Entries from February 2007 ↓

Don’t Cut

Don't Cut Cord

How many of you are like me and need the reminder to not cut the cord to your electric razor? I walked into my bathroom this evening and noticed this immediately and just started laughing. I couldn’t believe it was necessary to provide such caution. This ought to uplift my week by a lot.

Learning Ruby on Rails

I have been prolonging this long enough and finally decided to start reading the book I got for Christmas regarding Ruby on Rails. With all of the hype around this language, one has to wonder, why I am not trying this out? What is with all of the big fuss? Could I benefit from this language?

Well, I am here to start answering some of those questions. Ruby on Rails, has shocked me right out of the gate on how well it separates and forces you to separate the Business Logic from your User Interface. This is something you are taught to do in Web Development but many do not put it in practice.

My only nit-pick so far is I haven’t been able to get the MySQL interaction within Ruby to work just yet. I must be missing a package of some sort, but I am sure I will get it worked out shortly. In fact, I did just solve it. I was missing the libmysql-ruby library.

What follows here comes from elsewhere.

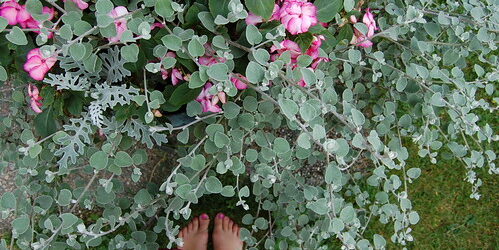 I hand sewed them and then just added a pink silk ribbon for that “little extra”. She likes them and tried to “catch” a dragon fly when I took this photo.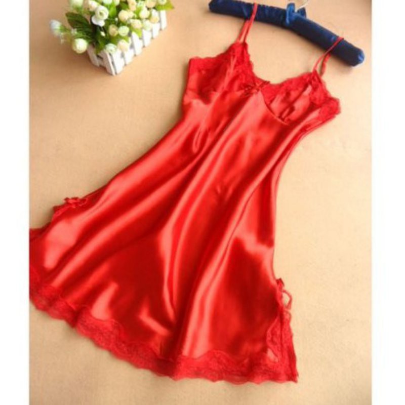 Women nightwear Mini nightgowns deep V straps skirts tempatation silk sleepwear Dress tops women

The book I am working with is ‘Ruby on Rails: Up and Running’ by Tate & Hibbs. It is an O’Reilly publication and I must admit, I love their books. They are easy to read and well broken up into chapters that are easy to manage in a few sittings. The book isunder 200 pages and assumes you know a bit of programming (not necessarily in Ruby, but in at least one language). It also assumes you know how to work with MySQL and you are capable of installing Ruby and Rails by yourself.

These assumptions are good, but I wish it would have pointed out I would need the MySQL library as that would have saved me an hour or two of going ‘WTF…’ why is ‘rake migrate’ displaying “rake aborted! Mysql::Error: Lost connection to MySQL server during query: SELECT version FROM schema_info”?

Anyways, I have that part up and running and so now I can continue on with the book. But to sum up my post, get the book, prepare yourself for problems and using Google or something similar to find the answer, as the book isn’t a problem solver, it is pretty much a tutorial.

Disk Full

For anyone who uses Linux, especially Ubuntu or Kubuntu, you will want to read this! I personally hate how Ubuntu and Kubuntu setup my partitions. They typically setup two partitions, the swap, and the rest of the hard drive. I personally prefer to have a partition for the following: / /boot /usr /var /tmp swap.

Now, the reason I hate how Ubuntu and Kubuntu do this, is it is very easy to fill up the entire drive and not know where the bulk of the data is. With separate partitions, when one fills, you know what caused it, or more specifically, what folder is growing too large. I use several development packages and pull down the source to a lot of packages for experimental use, and so a 160 GB drive can fill up fast. With that said, partitioning things out allows me to quickly identify where I need to allocate more storage, and put in a new drive to handle it.

I wish Ubuntu and Kubuntu would allow the Guided Partioning that Debian allows under expert mode to create a multi-partition setup.